There are few meaningful differences in attitudes about the effects of moderate drinking by major demographic group. Americans under age 35 are somewhat more likely to say moderate drinking is harmful rather than healthy. One's level of formal education seems to make little difference in these views.
good for health
|No effect||Moderate drinking
bad for health
|High school or less||15||54||30|
|GALLUP, July 1-11, 2018|
"When you hold all [background] factors constant, what we and many, many others have found is that drinking in moderation … is beneficial, and people who drink in moderation live longer." That was the conclusion of Dr. Eric Rimm of Harvard Medical School and the Harvard School of Public Health -- and a noted authority on the health consequences of lifestyle choices -- on a recent Gallup podcast.
But Rimm noted that making a decision on drinking needs to be done in conjunction with all other background factors, particularly those related to cancer. And he, like most other authorities, does not advocate taking up drinking just for its presumed health benefits.
The Mayo Clinic maintains a similar stance, stating that "moderate alcohol use has possible health benefits, but it's not risk-free," while the official government guidelines on diet and nutrition firmly state that "The Dietary Guidelines does not recommend that individuals who do not drink alcohol start drinking for any reason."
Adopting a more negative tone than other authorities, the government's Centers for Disease Control and Prevention says: "Although past studies have indicated that moderate alcohol consumption has protective health benefits (e.g., reducing risk of heart disease), recent studies show this may not be true. While some studies have found improved health outcomes among moderate drinkers, it's impossible to conclude whether these improved outcomes are due to moderate alcohol consumption or other differences in behaviors or genetics between people who drink moderately and people who don't."
Given the caution among health authorities -- informed by the understanding that drinking in excess has potentially dangerous consequences -- it makes sense that most Americans are not convinced that moderate drinking in and of itself would be good for their health. On the other hand, the majority of Americans, including drinkers particularly, don't think that moderate drinking is bad for their health either.
These findings are consistent with recommendations that Americans may want to drink alcohol in moderation for personal pleasure and social reasons, but that they not choose to do so because it will benefit their health.

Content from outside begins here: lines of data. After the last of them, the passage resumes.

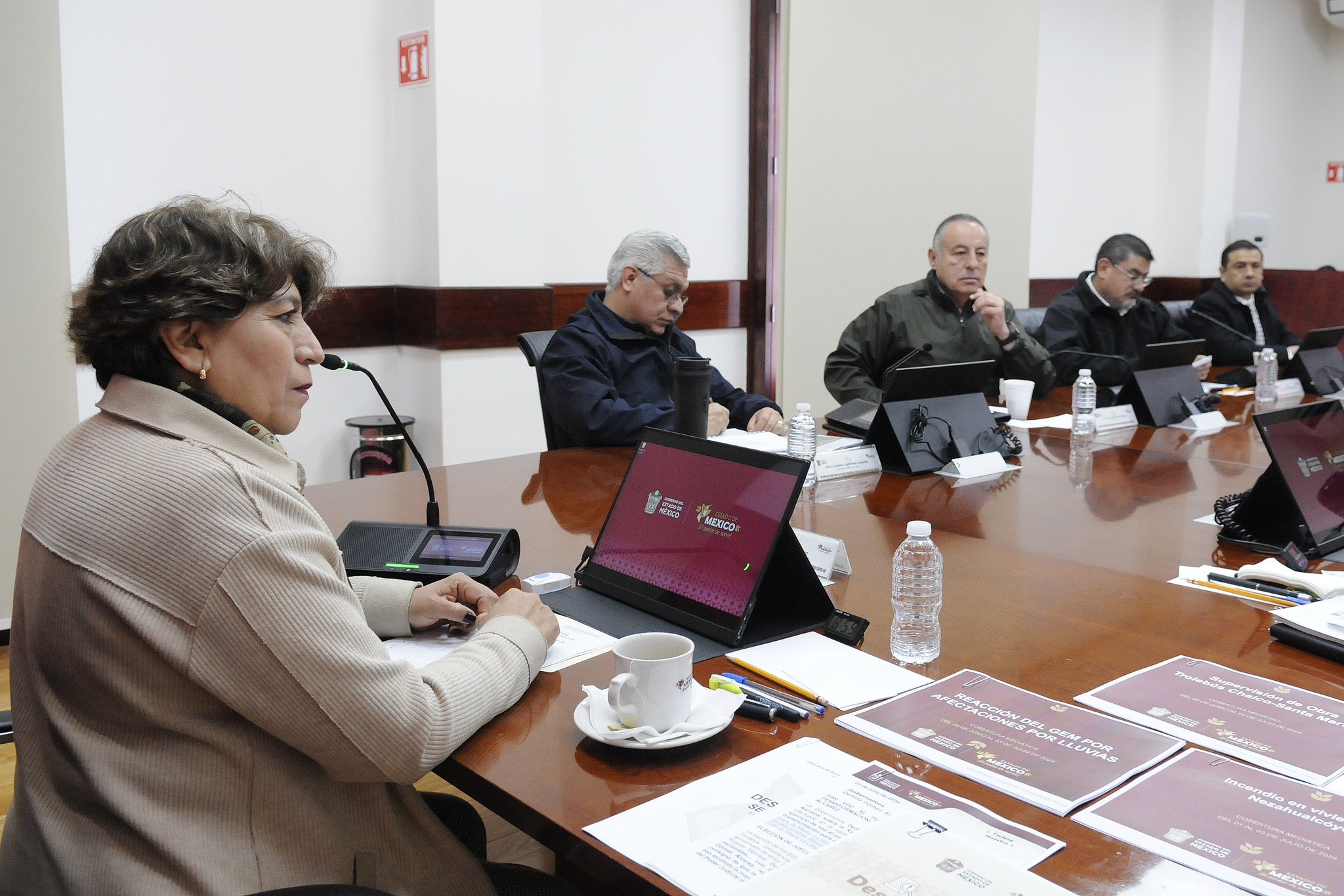 “En la Mesa de Coordinación para la Construcción de la Paz, la Gobernadora del #EstadoDeMéxico, Maestra @delfinagomeza, encabezó la reunión donde se dio seguimiento a temas en materia de seguridad que garantizan la tranquilidad en la vida de las y los mexiquenses. #ElPoderDeServir”, resaltó en su cuenta de X.
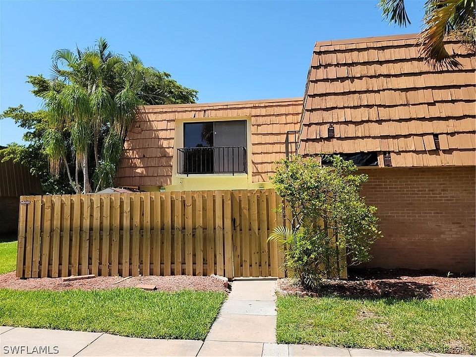 LOCATION LOCATION LOCATION. This is centrally located in S. Ft Myers, close to area schools, shopping & Fine dining. This is a smoking deal for a first-time homeowner. Your new home offers a nice dining area. spacious living room with large sliders to your private courtyard. One full bath downstairs, inside laundry along with a storage area under the stairway. Bedrooms are on the second floor with another full bath - both bedrooms have balconies with a relaxing view overlooking the pool which is only 10 steps away and you have great neighbors.
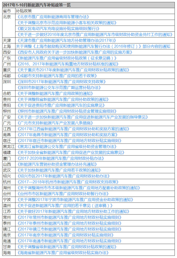 2017年7月,北京、深圳、廣州、重慶、成都、貴陽(yáng)、貴州、柳州、廣元、廣安、江西、宿遷、廈門13個(gè)省市出臺(tái)了2017新能源汽車補(bǔ)貼政策。

Results for this Gallup poll are based on telephone interviews conducted July 1-11, 2018, with a random sample of 1,033 adults, aged 18 and older, living in all 50 U.S. states and the District of Columbia. For results based on the total sample of national adults, the margin of sampling error is ±4 percentage points at the 95% confidence level. All reported margins of sampling error include computed design effects for weighting.
Each sample of national adults includes a minimum quota of 70% cellphone respondents and 30% landline respondents, with additional minimum quotas by time zone within region. Landline and cellular telephone numbers are selected using random-digit-dial methods.